→ **TASK GOAL**
Each entry should be restated word for word, with all pictures left out.

---------- MATERIAL PROVIDED

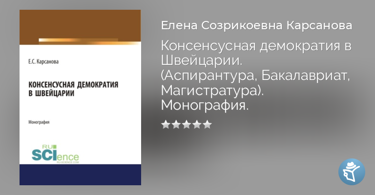 Консенсусная демократия в Швейцарии. (Аспирантура, Бакалавриат, Магистратура). Монография.
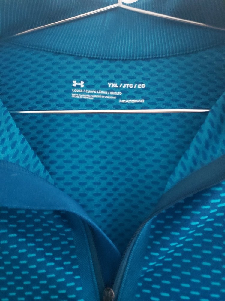 This item is a Under Armour HeatGear loose-fit shirt in youth extra-large size. It's designed with the brands' signature heat gear fabric to keep the wearer cool dry, and light by wicking away the sweat. Color: aquamarine
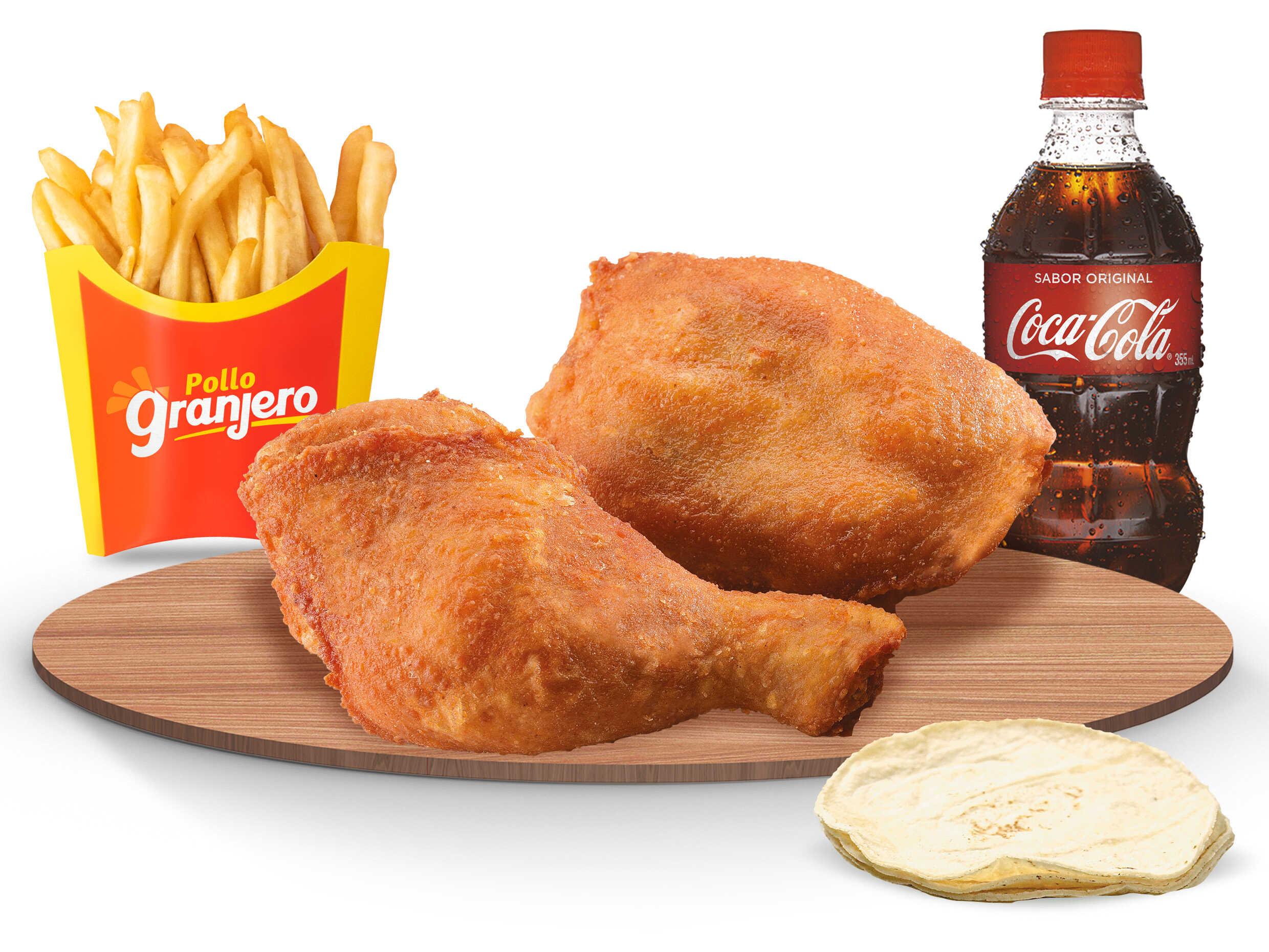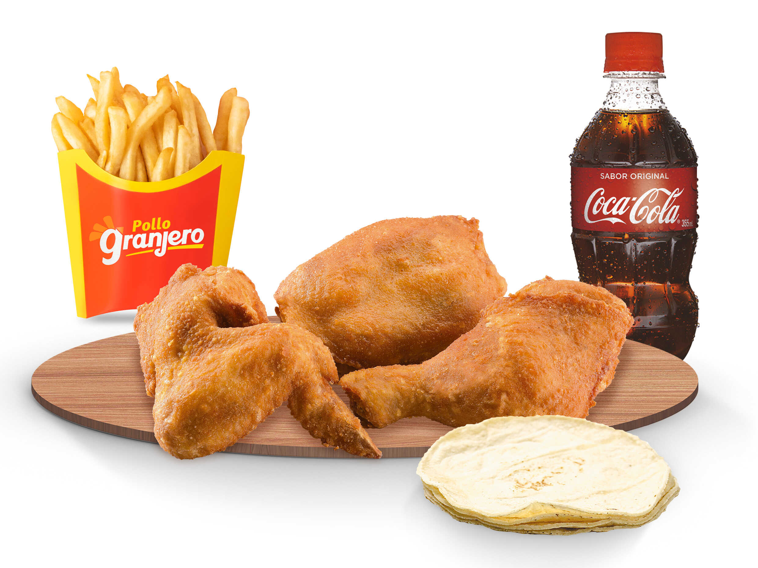 3 piezas (Cuarto, Muslo, Ala) + 1 papa + 2 tortillas + Coca Cola 355ml.
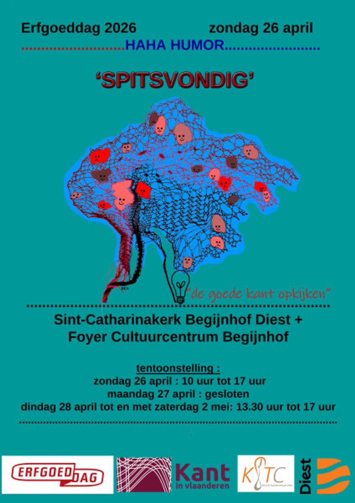 As is customary each year, and in the context of Heritage Day 2026, Kant in Vlaanderen has chosen the theme ‘SPITSVONDIG’ (sharp, clever, witty) as the title for its annual exhibition. To this end, Kant in Vlaanderen is also looking to you and challenging you and other artists to create something within the framework of this theme.
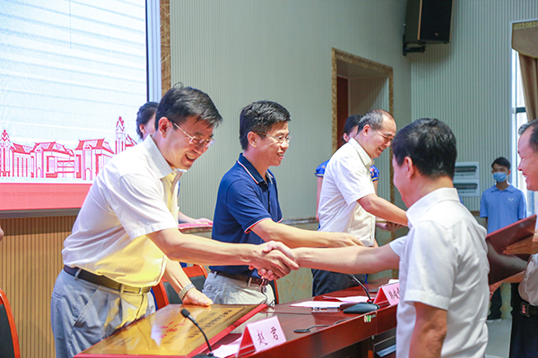 赵君书记(左一)、韩峻峰校长(左二)为先进集体颁发证书
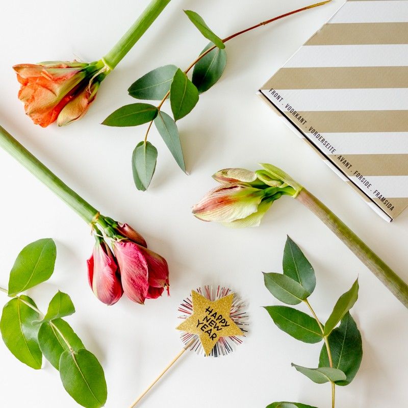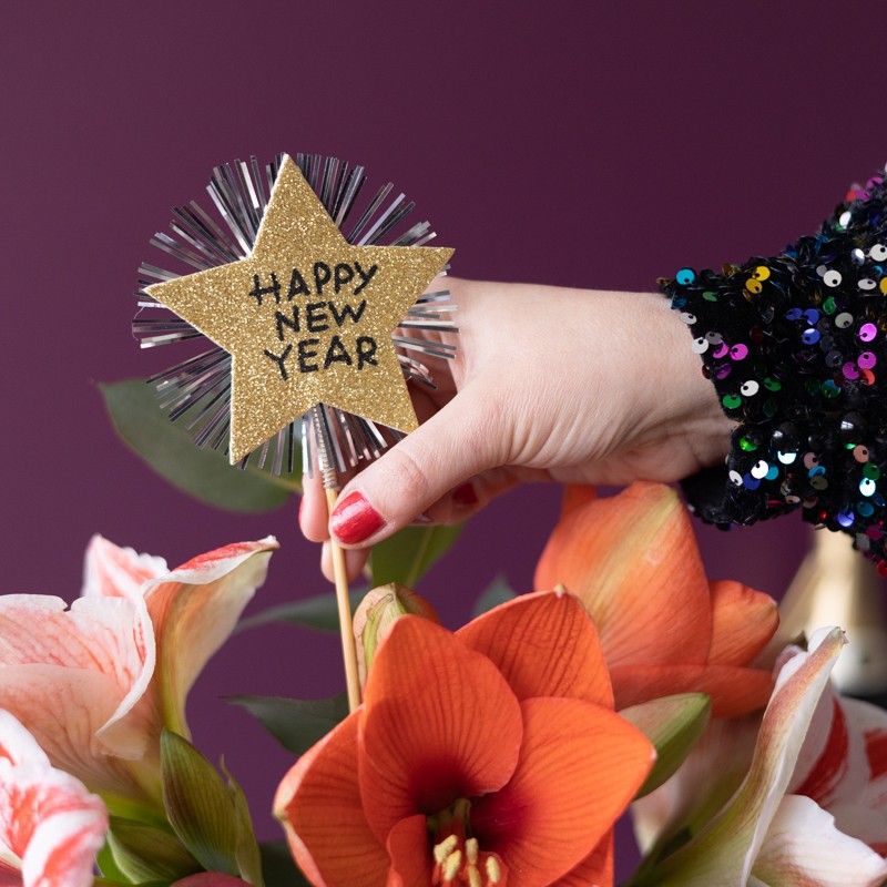 Happy New Year! 💫 Wens iemand een gelukkig 2026 met dit prachtige nieuwjaarsboeket door de brievenbus! Deze Amaryllissen met eucalyptus en feestelijke steker zorgen zeker weten voor een glimlach. Een originele nieuwjaarswens, stijlvol geleverd door de brievenbus. De Amaryllissen komen vers aan in de knop en groeien eenmaal in de vaas uit tot bloemen van formaat. Bovendien zorgt de Eucalyptus voor een heerlijk frisse geur. Wie wens jij een frisse start van het nieuwe jaar? Gewoon door de brievenbus!
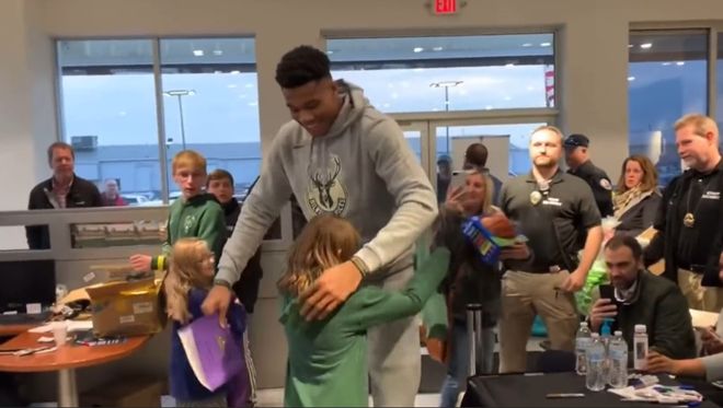 在雄鹿的一场签名会现场,一个小女孩将球衣递给了字母哥,随后将自己亲手画的画册送给了自己的偶像,字母哥也是立马起身拥抱了小女孩,还一页一页的看了小女孩的画册。
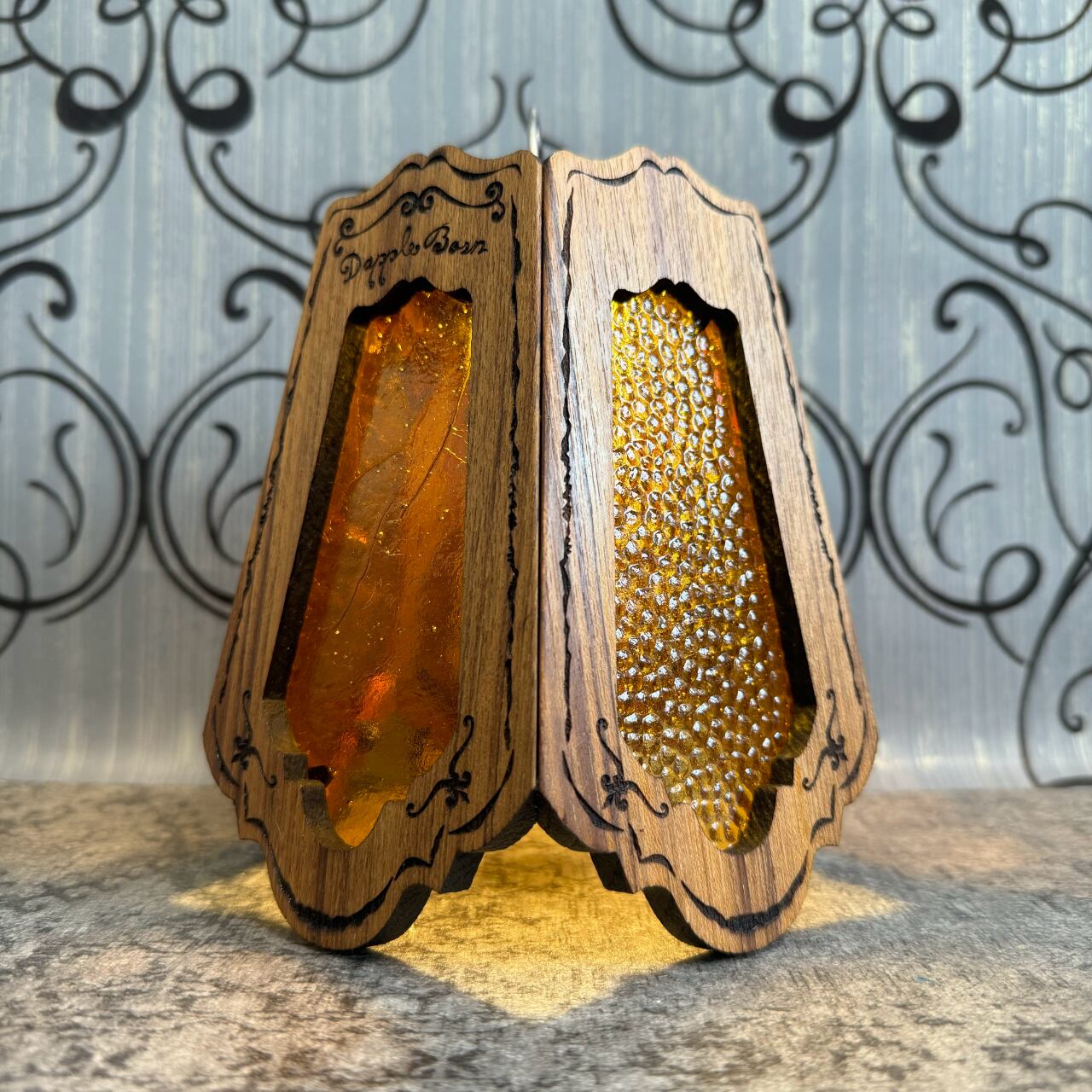 ステンドグラスの部分は交換できる仕様になってますので、テントコーデに合わせて変更できます。ガラスはトンボで固定されているので、持ち運ぶ際はガラスを外して運べます。
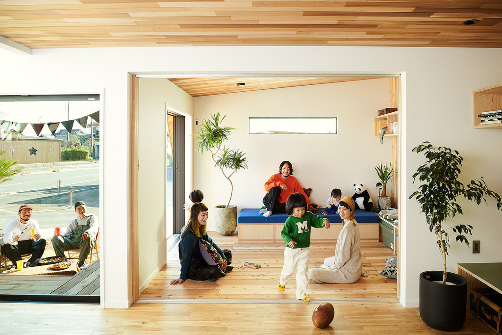 屋内外をつなぐウッドデッキ仕様で、

--------------------

→ **RESPONSE**
 Консенсусная демократия в Швейцарии. (Аспирантура, Бакалавриат, Магистратура). Монография.
 This item is a Under Armour HeatGear loose-fit shirt in youth extra-large size. It's designed with the brands' signature heat gear fabric to keep the wearer cool dry, and light by wicking away the sweat. Color: aquamarine
 3 piezas (Cuarto, Muslo, Ala) + 1 papa + 2 tortillas + Coca Cola 355ml.
 As is customary each year, and in the context of Heritage Day 2026, Kant in Vlaanderen has chosen the theme ‘SPITSVONDIG’ (sharp, clever, witty) as the title for its annual exhibition. To this end, Kant in Vlaanderen is also looking to you and challenging you and other artists to create something within the framework of this theme.
 赵君书记(左一)、韩峻峰校长(左二)为先进集体颁发证书
 Happy New Year! 💫 Wens iemand een gelukkig 2026 met dit prachtige nieuwjaarsboeket door de brievenbus! Deze Amaryllissen met eucalyptus en feestelijke steker zorgen zeker weten voor een glimlach. Een originele nieuwjaarswens, stijlvol geleverd door de brievenbus. De Amaryllissen komen vers aan in de knop en groeien eenmaal in de vaas uit tot bloemen van formaat. Bovendien zorgt de Eucalyptus voor een heerlijk frisse geur. Wie wens jij een frisse start van het nieuwe jaar? Gewoon door de brievenbus!
 在雄鹿的一场签名会现场,一个小女孩将球衣递给了字母哥,随后将自己亲手画的画册送给了自己的偶像,字母哥也是立马起身拥抱了小女孩,还一页一页的看了小女孩的画册。
 ステンドグラスの部分は交換できる仕様になってますので、テントコーデに合わせて変更できます。ガラスはトンボで固定されているので、持ち運ぶ際はガラスを外して運べます。
 屋内外をつなぐウッドデッキ仕様で、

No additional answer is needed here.